Preclinical study finds immune benefit in unrefrigerated Soligenix coronavirus vaccines

Many vaccines have been developed to boost immunity against severe acute respiratory syndrome (SARS-CoV-2). However, a major concern during vaccine rollout is storage, especially in countries where specialized freezers are scarce.

A new study reports positive outcomes from two new vaccine candidates. The research, led by Axel T. Lehrer from the University of Hawaii at Manoa, studied mice's immune response when administered the CoVaccine HT adjuvant with an insect-cell expressed SARS-CoV-2 spike protein ectodomain.
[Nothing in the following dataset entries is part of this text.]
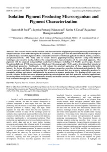 B Patil, Santosh and Puttaraj Nalatawad, Suprita and S Desai, Savita and Hanagawadimath, Rajashree (2025) Isolation Pigment Producing Microorganism and Pigment Characterization. International Journal of Innovative Science and Research Technology, 10 (7): 25jul275. pp. 3946-3952. ISSN 2456-2165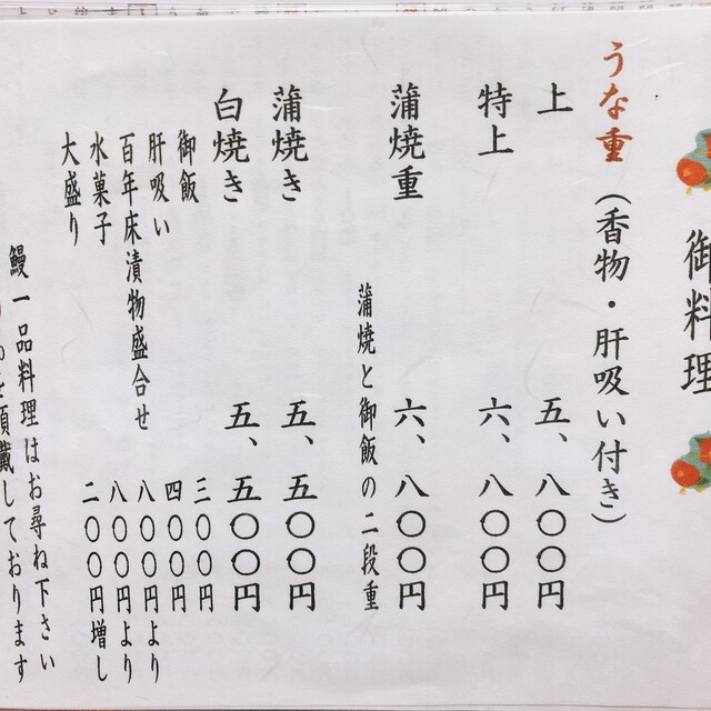 鰻料理はお時間を頂きますので、小学生未満の御子様のご入店を御遠慮させていただいております。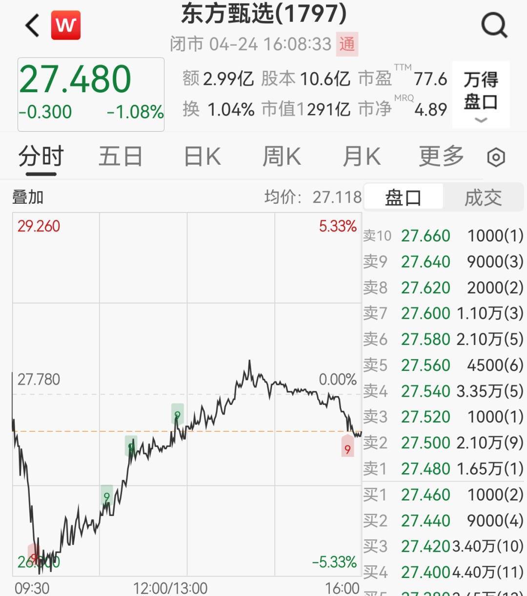 截至周五港股收盘,东方甄选最新股价为27.48港元/股,当日下跌1.08%,市值291.18亿港元。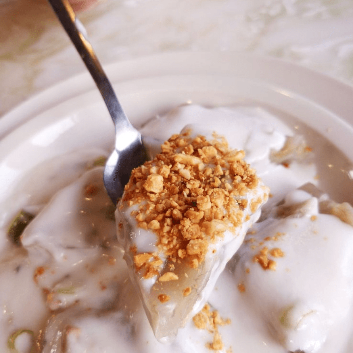 Garlic pork oil, onion, dried onion, green onion, cilantro, and ginger fish sauce.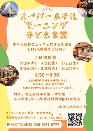 「Natural, Organic, Smart」をコンセプトに国内173店舗のホテル運営を手掛ける株式会社スーパーホテル(所在地:大阪府大阪市、代表取締役社長:山本健策)は、2025年3月20日(木)~2025年3月26日(水)(3月23日(日)を除く)の期間中、東京都北区のスーパーホテル東京・赤羽駅南口でホテル朝食ビュッフェに北区在住の小学生・中学生を無料で招待する「モーニング子ども食堂」を初めて開催しました。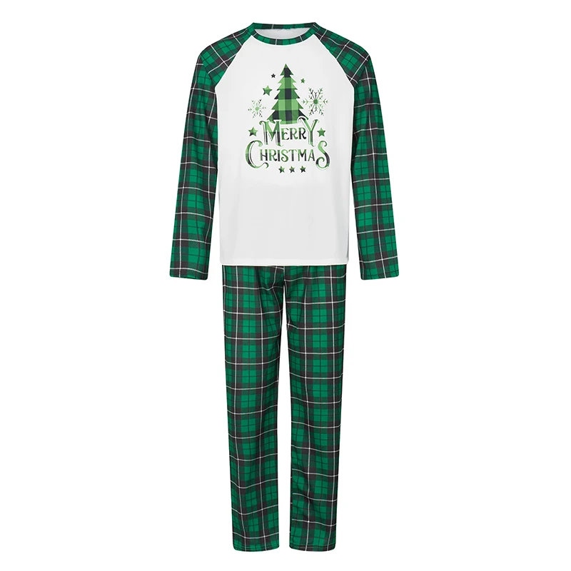 Christmas Pajamas for Family Long Sleeve Tree Print Tops + Buffalo Plaid Pants Set Winter Sleepwear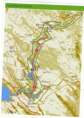 Мы успели посмотреть только самый популярный – Скрадинские водопады (Skradinski buk). К ним можно подъехать на машине (см. карту), но мы об этом узнали позже, и плыли на прогулочном кораблике из Скрадина, впрочем, цена на билеты одна и та же. Из остальных достопримечательностей - монастырь на острове Visovac, водопад Roski slap, масса разного рода развалин.

"The vaccine candidates elicit both neutralizing antibody and cellular immunity with a balanced T helper (Th) type 1 and 2 response in an outbred mouse model. The results obtained in this model may thus inform future vaccine development in animal models more closely related to humans."

Future studies in humans could help in developing a durable coronavirus vaccine that does not require refrigeration. This could potentially increase mass vaccination efforts and provide greater immunity to a virus that has mutated in several countries worldwide.

The study "Recombinant protein subunit SARS-CoV-2 vaccines formulated with CoVaccine HT adjuvant induce broad, Th1 biased, humoral and cellular immune responses in mice" is available as a preprint on the bioRxiv* server, while the article undergoes peer review.

Optimizing vaccine dosages

Researchers tested vaccine immunity in 7- to 10-week old male and female Swiss Webster mice. They were given through the muscle, SARS-CoV-2 spike proteins ectodomain SdTM or SdTM2P alone or in combination with 1 mg of CoVaccine HT adjuvant treatment starting on day 0 and day 21. The control received only the adjuvant treatment.

To determine which dose provided the most significant immunity boost, they administered 5, 2.5, or 1.5 micrograms of the spike protein ectodomain and 1 milligram of the adjuvant treatment. One group received 5 micrograms of SdTM2P with 0.3 milligrams of the adjuvant treatment.

The researchers investigated antibody levels in serum samples on the 7th, 14th, 28th, and 35th day after vaccination.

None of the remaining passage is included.